(Items listed in a dataset)
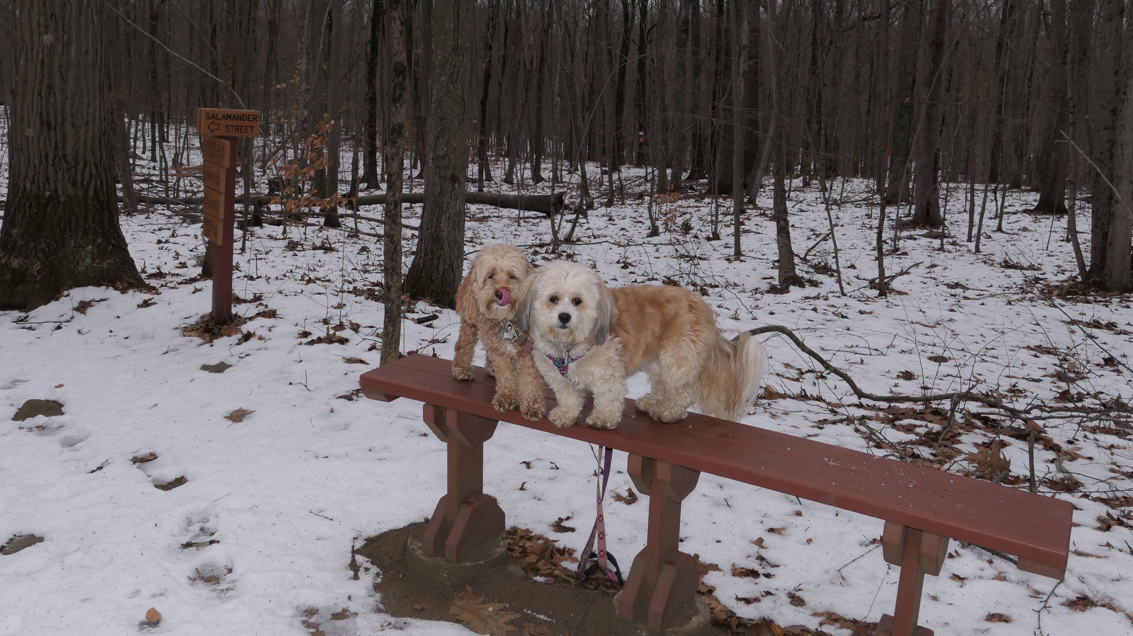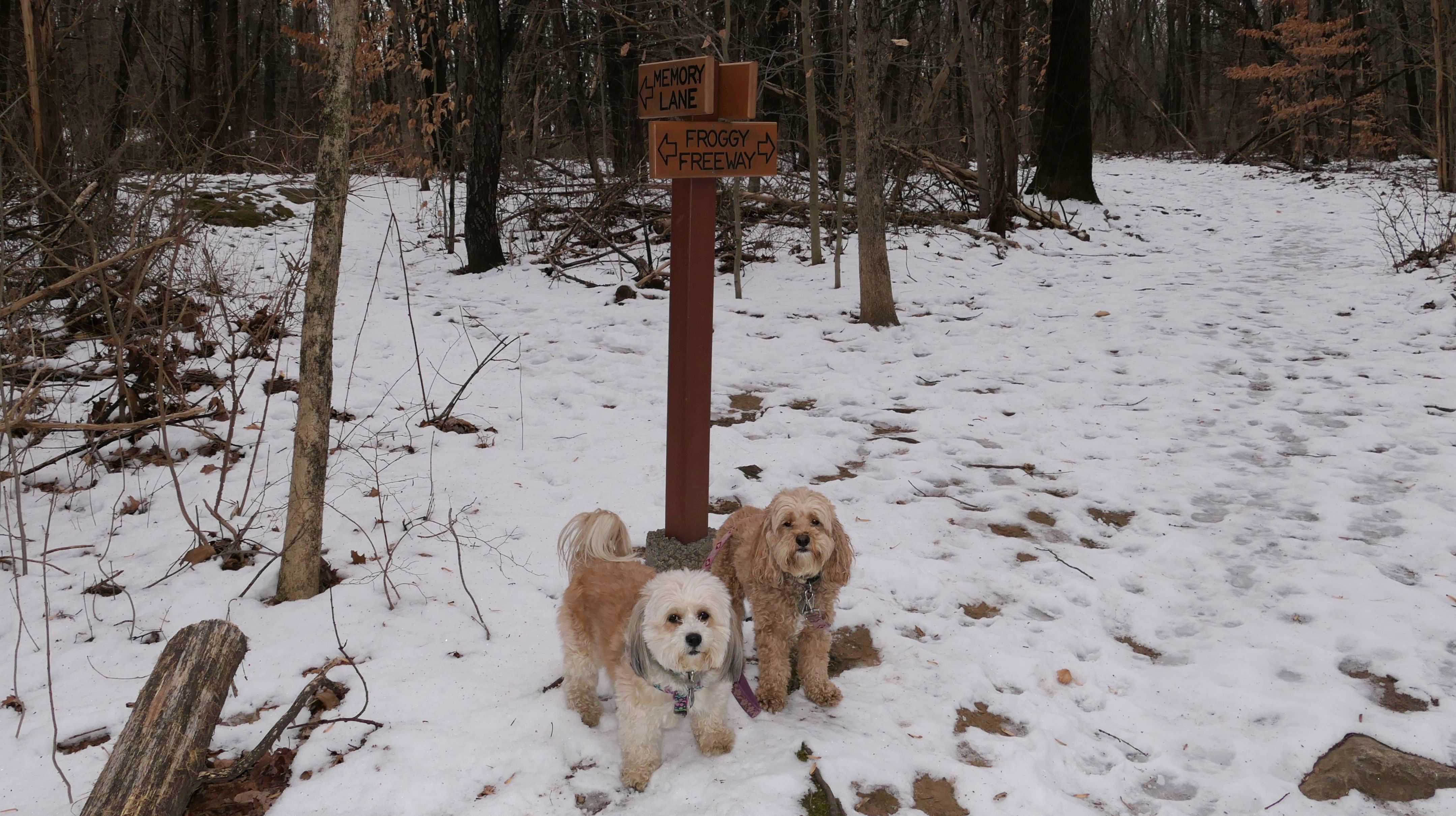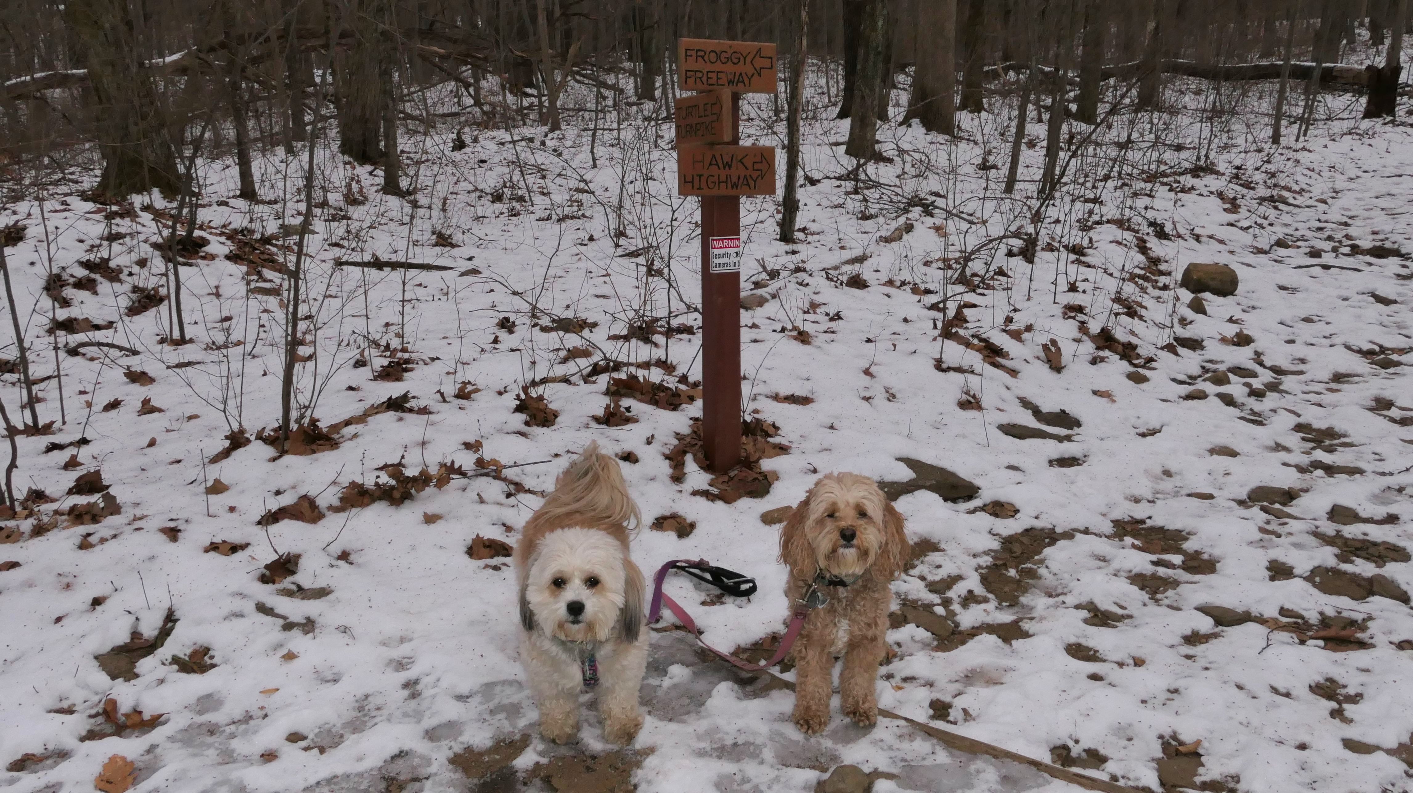 Not to be confused with Webb Mountain Park, Webb Mountain Discovery Zone is an area down the road from the main park, that is tailored for kids. There is a "scavenger hunt", with educational signs that explain the geography and the nature of the area. There are signs along the trail, complete with cutesy names for the different sections of the trail, such as Turtle Turnpike, Froggy Freeway, and Hawk Highway, among others. Some of the terrain is hilly and rocky and might be tough for kids, but there are plenty of benches along the way. Toward the end of our hike, we encountered a group of what I think was Brownies, with their Scout Master. It turns out they were on an educational trip, and one of the things they noticed were fresh paw prints in the snow. Turns out they were tracking Mandy and Lexi!
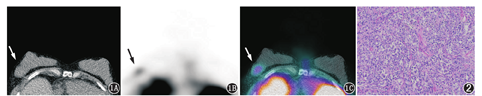 为鉴别该肿块的良恶性,患者于本科行99Tcm-甲氧基异丁基异腈(methoxyisobutylisonitrile, MIBI)SPECT/CT显像,于左侧肘静脉注射99Tcm-MIBI(上海欣科医药有限公司苏州分公司提供,放化纯>95%)111 MBq后,分别于注射后20 min及2 h取俯卧位行胸部SPECT/CT(荷兰Philips公司Precedence)断层采集。早期显像(图1)示双侧乳腺腺体致密,右乳外上象限见一大小3.0 cm×2.8 cm软组织肿块影,与周围乳腺组织分界欠清,密度较均匀,未见钙化,边缘无毛刺;该病灶放射性摄取高于周围正常乳腺组织,肿瘤/正常乳腺组织放射性值(tumor/non-tumor, T/NT)为3.9;2 h延迟显像示该病灶放射性摄取减低,但仍高于周围正常乳腺组织,T/NT为2.6,考虑该病灶为恶性病变的可能性大。
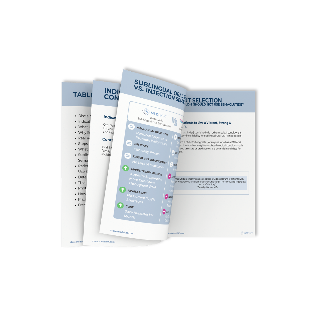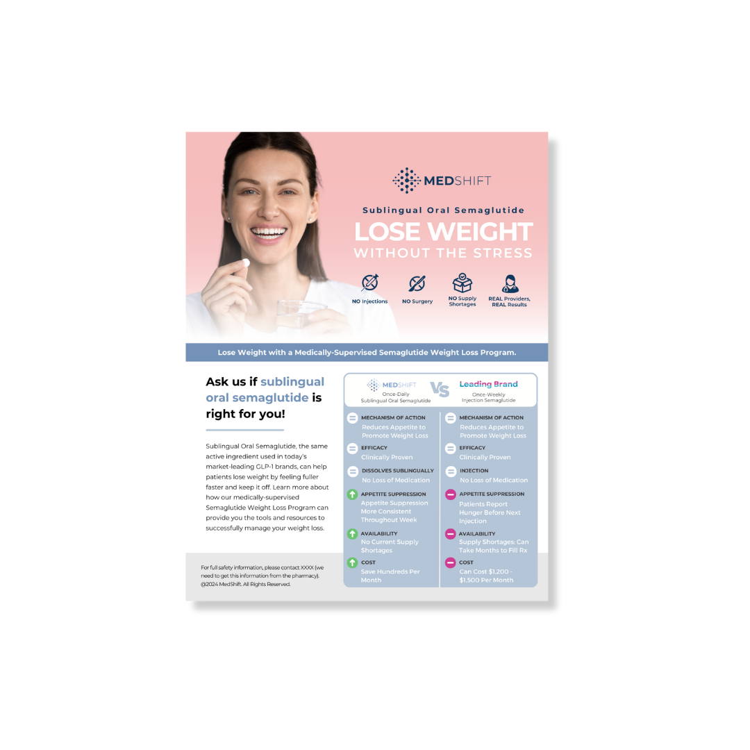 Bringing medically supervised weight loss into your practice doesn’t have to be complicated. MedShift provides the guidance and training to help aesthetic professionals seamlessly integrate Sublingual Oral Semaglutide into their offerings.
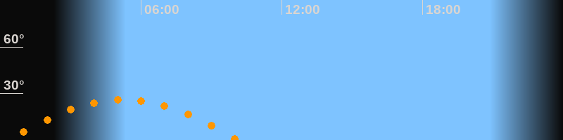 Daten und Fakten: NGC6822 (IC 4895, PGC 63616) Rektaszension 19h 44m 56s Deklination -14° 47' 21'' Helligkeit 8,7 mag (14,4 mag/arcmin^2) Scheinbare Ausdehnung 15,5' x 13,5' Entfernung ca. 1,6 Mio ly Ausdehnung 6000 ly Sichtbarkeit in Zwickau 17.05.2029 Aufgang 00:14 Uhr im Osten (αAz = 110,4°) Höchster Stand (Kulmination) 05:14 Uhr (h = 26,1°) Untergang 10:10 Uhr im Westen (αAz = 249,6°) Standort: Zwickau, Algorithmen siehe Credits
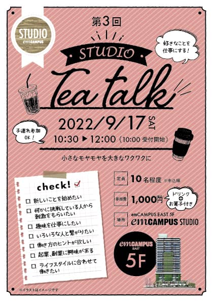 | 参加費 | 1,000円(税込)≪ドリンク、お菓子付き≫ |
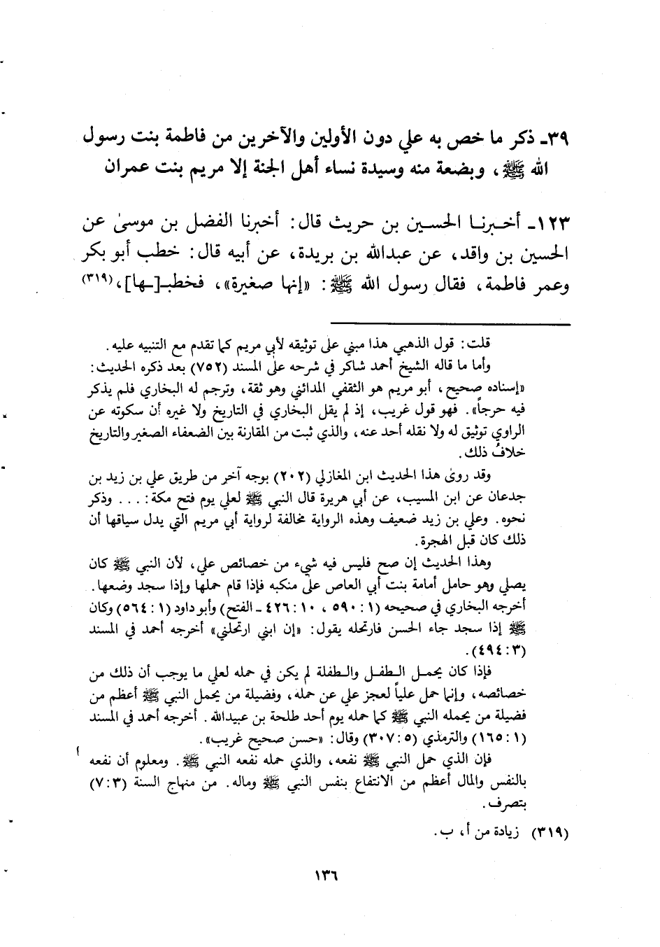 39 - ذكر مَا خص بِهِ عَليّ دون الْأَوَّلين والآخرين من فَاطِمَة بنت رَسُول الله صلى الله عَلَيْهِ وَسلم وَبضْعَة مِنْهُ وسيدة نسَاء أهل الْجنَّة إِلَّا مَرْيَم بنت عمرَان
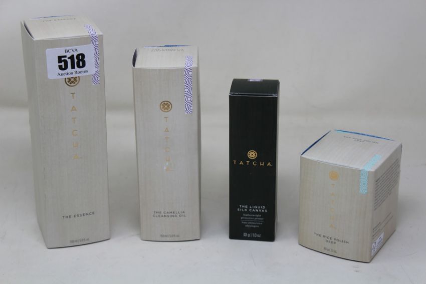 An as new Tatcha The Essence plumping skin softener (150ml), Tatcha The Rice polish Deep (60g), Tatcha The Silk Canvas (30g) and Tatcha The Camellia oil (150ml).
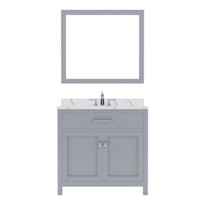 Virtu USA Caroline 36" Single Bath Vanity in Espresso with Calacatta Quartz Top and Round Sink with Matching Mirror | MS-2036-CCRO-ES
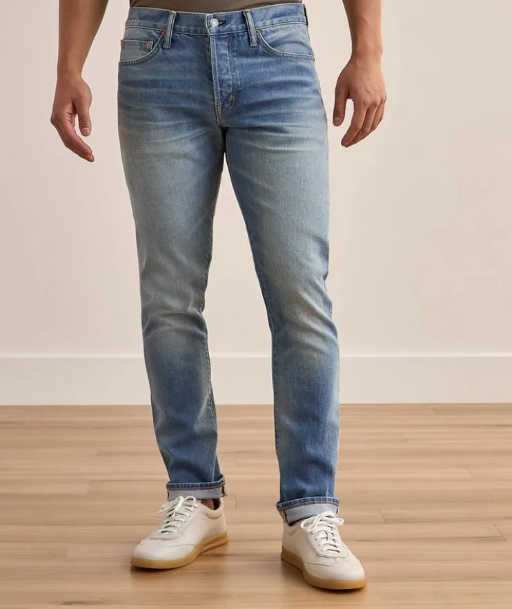 - Showcasing a faded finish with whiskered details for a vintage-inspired aesthetic, these slim fit jeans are a timeless addition to any wardrobe.
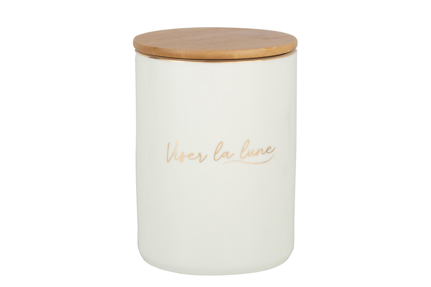 Joli pot hermétique en porcelaine blanche avec inscription "Viser La Lune" en doré qui embellira votre cuisine !

■ **Assignment**
Could you retype the records above exactly, omitting the pictures?

■ **Response to the exercise**
 Not to be confused with Webb Mountain Park, Webb Mountain Discovery Zone is an area down the road from the main park, that is tailored for kids. There is a "scavenger hunt", with educational signs that explain the geography and the nature of the area. There are signs along the trail, complete with cutesy names for the different sections of the trail, such as Turtle Turnpike, Froggy Freeway, and Hawk Highway, among others. Some of the terrain is hilly and rocky and might be tough for kids, but there are plenty of benches along the way. Toward the end of our hike, we encountered a group of what I think was Brownies, with their Scout Master. It turns out they were on an educational trip, and one of the things they noticed were fresh paw prints in the snow. Turns out they were tracking Mandy and Lexi!
 为鉴别该肿块的良恶性,患者于本科行99Tcm-甲氧基异丁基异腈(methoxyisobutylisonitrile, MIBI)SPECT/CT显像,于左侧肘静脉注射99Tcm-MIBI(上海欣科医药有限公司苏州分公司提供,放化纯>95%)111 MBq后,分别于注射后20 min及2 h取俯卧位行胸部SPECT/CT(荷兰Philips公司Precedence)断层采集。早期显像(图1)示双侧乳腺腺体致密,右乳外上象限见一大小3.0 cm×2.8 cm软组织肿块影,与周围乳腺组织分界欠清,密度较均匀,未见钙化,边缘无毛刺;该病灶放射性摄取高于周围正常乳腺组织,肿瘤/正常乳腺组织放射性值(tumor/non-tumor, T/NT)为3.9;2 h延迟显像示该病灶放射性摄取减低,但仍高于周围正常乳腺组织,T/NT为2.6,考虑该病灶为恶性病变的可能性大。
 Bringing medically supervised weight loss into your practice doesn’t have to be complicated. MedShift provides the guidance and training to help aesthetic professionals seamlessly integrate Sublingual Oral Semaglutide into their offerings.
 Daten und Fakten: NGC6822 (IC 4895, PGC 63616) Rektaszension 19h 44m 56s Deklination -14° 47' 21'' Helligkeit 8,7 mag (14,4 mag/arcmin^2) Scheinbare Ausdehnung 15,5' x 13,5' Entfernung ca. 1,6 Mio ly Ausdehnung 6000 ly Sichtbarkeit in Zwickau 17.05.2029 Aufgang 00:14 Uhr im Osten (αAz = 110,4°) Höchster Stand (Kulmination) 05:14 Uhr (h = 26,1°) Untergang 10:10 Uhr im Westen (αAz = 249,6°) Standort: Zwickau, Algorithmen siehe Credits
 | 参加費 | 1,000円(税込)≪ドリンク、お菓子付き≫ |
 39 - ذكر مَا خص بِهِ عَليّ دون الْأَوَّلين والآخرين من فَاطِمَة بنت رَسُول الله صلى الله عَلَيْهِ وَسلم وَبضْعَة مِنْهُ وسيدة نسَاء أهل الْجنَّة إِلَّا مَرْيَم بنت عمرَان
 An as new Tatcha The Essence plumping skin softener (150ml), Tatcha The Rice polish Deep (60g), Tatcha The Silk Canvas (30g) and Tatcha The Camellia oil (150ml).
 Virtu USA Caroline 36" Single Bath Vanity in Espresso with Calacatta Quartz Top and Round Sink with Matching Mirror | MS-2036-CCRO-ES
 - Showcasing a faded finish with whiskered details for a vintage-inspired aesthetic, these slim fit jeans are a timeless addition to any wardrobe.
 Joli pot hermétique en porcelaine blanche avec inscription "Viser La Lune" en doré qui embellira votre cuisine !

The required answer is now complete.